EARs are meant for Jakarta EE application servers; deployment can fail if the archive structure/descriptors are not what the target server expects (for example, missing or incorrect META-INF descriptors or incompatible packaging).

  1. Inspect the EAR contents after extracting it and verify it includes expected modules and META-INF deployment descriptors.
  2. Rebuild the EAR using your project’s build tooling (commonly via Maven’s EAR packaging support) and redeploy according to your application server’s guidance.

I extracted it but don’t know what to edit

EARs often contain multiple modules (like .war and .jar). Configuration and deployment metadata is commonly under META-INF, while application code/resources are inside embedded modules.

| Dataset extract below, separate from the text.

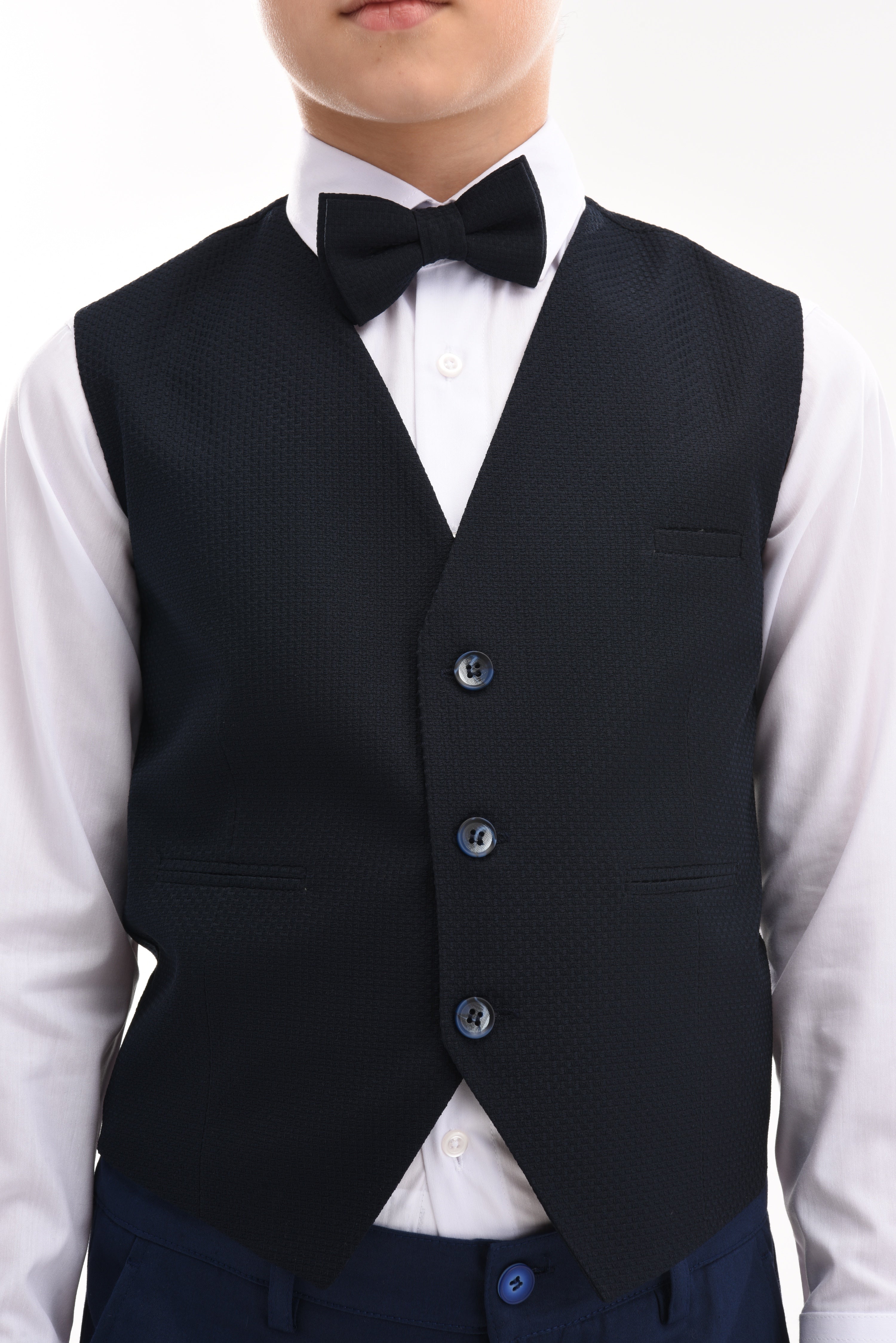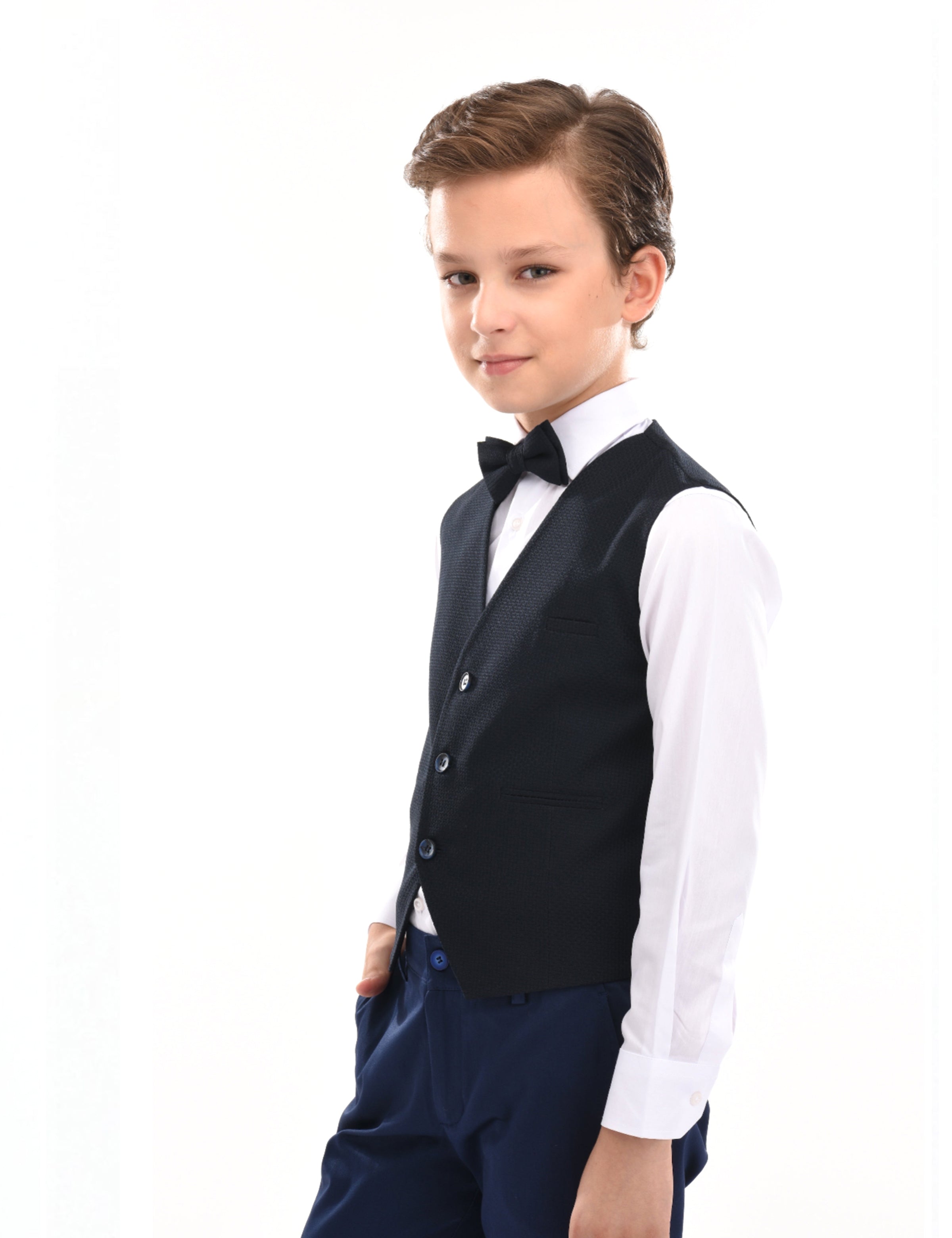Introducing the Benito Suit Vest Outfit Set for boys from Moustache. This stylish set includes a dapper solid navy colored vest with a three-button closure, a satin interior. An adjustable waist for the perfect fit! Paired with a matching bow tie, blue dress pants, and a crisp white dress shirt, this ensemble adds a touch of elegance to any outfit.

  1. Look for META-INF in the EAR for deployment descriptors (and for embedded .war/.jar files).
  2. If you need to change the application, update the source project and rebuild the EAR rather than manually editing extracted files.

FAQ

Is an .ear basically a .zip or .jar?

Yes. Sources describe an EAR as a standard JAR file (ZIP-based) that uses the .ear extension for enterprise application packaging.

What’s typically inside an EAR file?

An EAR commonly contains Jakarta EE modules such as WARs (web modules) and JARs (libraries/components), plus META-INF metadata/deployment descriptors.

How do I run an EAR file?

You generally don’t “run” it like an app; you deploy it to a Jakarta EE application server that supports EAR deployment.

How are EAR files created?

They are commonly produced by build tooling in Java/Jakarta EE projects; for example, Apache Maven provides an EAR plugin goal to build an EAR archive.